한빛사논문
Tak W.Y. 1, Chuang W.-L. 2, Chen C.-Y. 3, Tseng K.-C. 4, Lim Y.-S. 5, Lo G.-H. 6, Heo J. 7, Agarwal K. 8, Bussey L. 9, Teo S.L. 10, Tria A. 10, Brown A. 11, Anderson K. 9, Vardeu A. 9, O’Brien S. 9, Kopycinski J. 9, Rutkowski K. 9, Kolenovska R. 9, Barnes E. 11,12, Evans T.G. 9
1School of Medicine, Kyungpook National University, Kyungpook National University Hospital
2Kaohsiung Medical University Hospital, Kaohsiung Medical University, Kaohsiung, Taiwan
3Chia-Yi Christian Hospital, Chiayi City, Taiwan
4Dalin Tzu Chi General Hospital, Hualien, Taiwan
5Asan Medical Center, University of Ulsan College of Medicine, Seoul, South Korea
6E-Da Hospital, Kaohsiung, Taiwan
7Department of Internal Medicine, College of Medicine, Pusan National University and Biomedical Research Institute, Pusan National University Hospital, Busan, Republic of Korea
8Institute of Liver Studies, King's College Hospital NHS Foundation Trust, London UK
9Vaccitech, Harwell, UK
10ICON, Singapore
11Nuffield Department of Medicine, Oxford University, Oxford, UK
12Oxford NIHR Biomedical Research Centre, Oxford Hospitals NHS Trust, Oxford, UK
Corresponding author: Evans T.G.
Abstract
Background and aim: The induction of effective CD8+ T cells is thought to play a critical role in the functional cure of chronic hepatitis B (CHB). Additionally, the use of checkpoint inhibitors is being evaluated to overcome T cell dysfunction during CHB.

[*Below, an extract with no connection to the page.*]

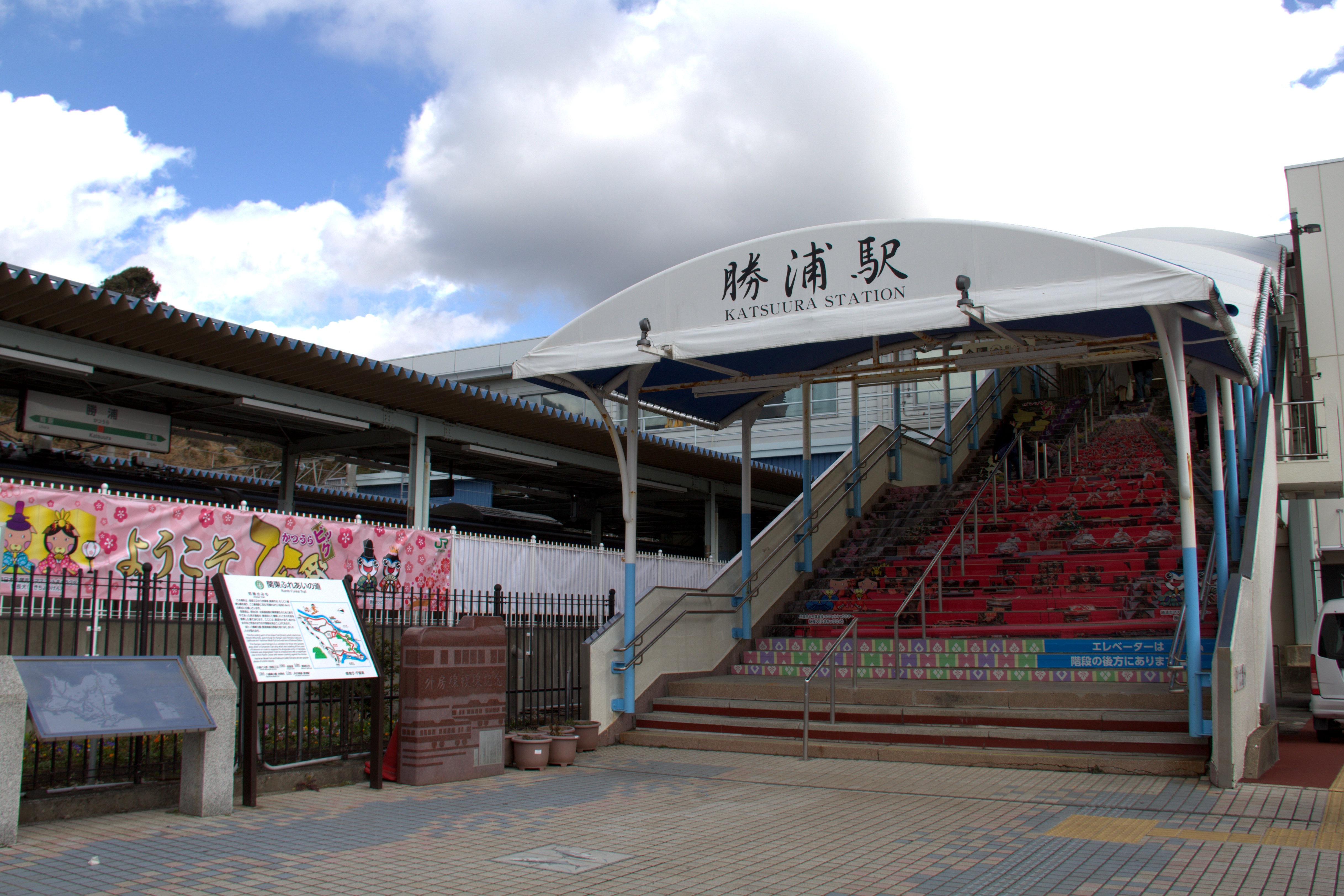 The south entrance to Katsuura Station in Chiba Prefecture, Japan

Approach and results: A chimpanzee adenoviral vector (ChAdOx1-HBV) and a Modified vaccinia Ankara boost (MVA-HBV) encoding the inactivated polymerase, core, and S region from a consensus genotype C HBV were studied. The trial enrolled 55 patients with virally-suppressed CHB virus infection and HBsAg <4,000 IU/mL Group 1 received MVA-HBV intramuscularly (IM) on Day 0 and 28, Group 2 received ChAdOx1-HBV on Day 0/MVA-HBV on Day 28 (VTP-300), Group 3 received VTP-300 + low-dose nivolumab (LDN) on Day 28, and Group 4 received VTP-300 plus LDN with both injections. VTP-300 alone and in combination with LDN was well tolerated with no treatment-related serious adverse events. Reductions of HBsAg were demonstrated in the VTP-300 group 2: 3 of 18 patients with starting HBsAg < 50 IU/ml had durable log10 declines > 0.7 log10 2 months post last-dose. Group 3 (N=18) had reductions in HBsAg of 0.76 log10 and 0.80 log10 3 (p<0.001) at 2 and 7 months post last dose. Two developed persistent non-detectable HBsAg levels. CD4+ and CD8+ antigen-specific T cell responses were generated and there was a correlation between IFN-y ELISpot response and HBsAg decline in Group 2.
Conclusions: VTP-300 induced CD4+ and CD8+ T cells and lowered HBsAg in a subset of patients with baseline values below 100 IU/ml. The addition of LDN resulted in significant reduction in surface antigen. VTP-300 is a promising immunotherapeutic to move forward alone or in combination therapies.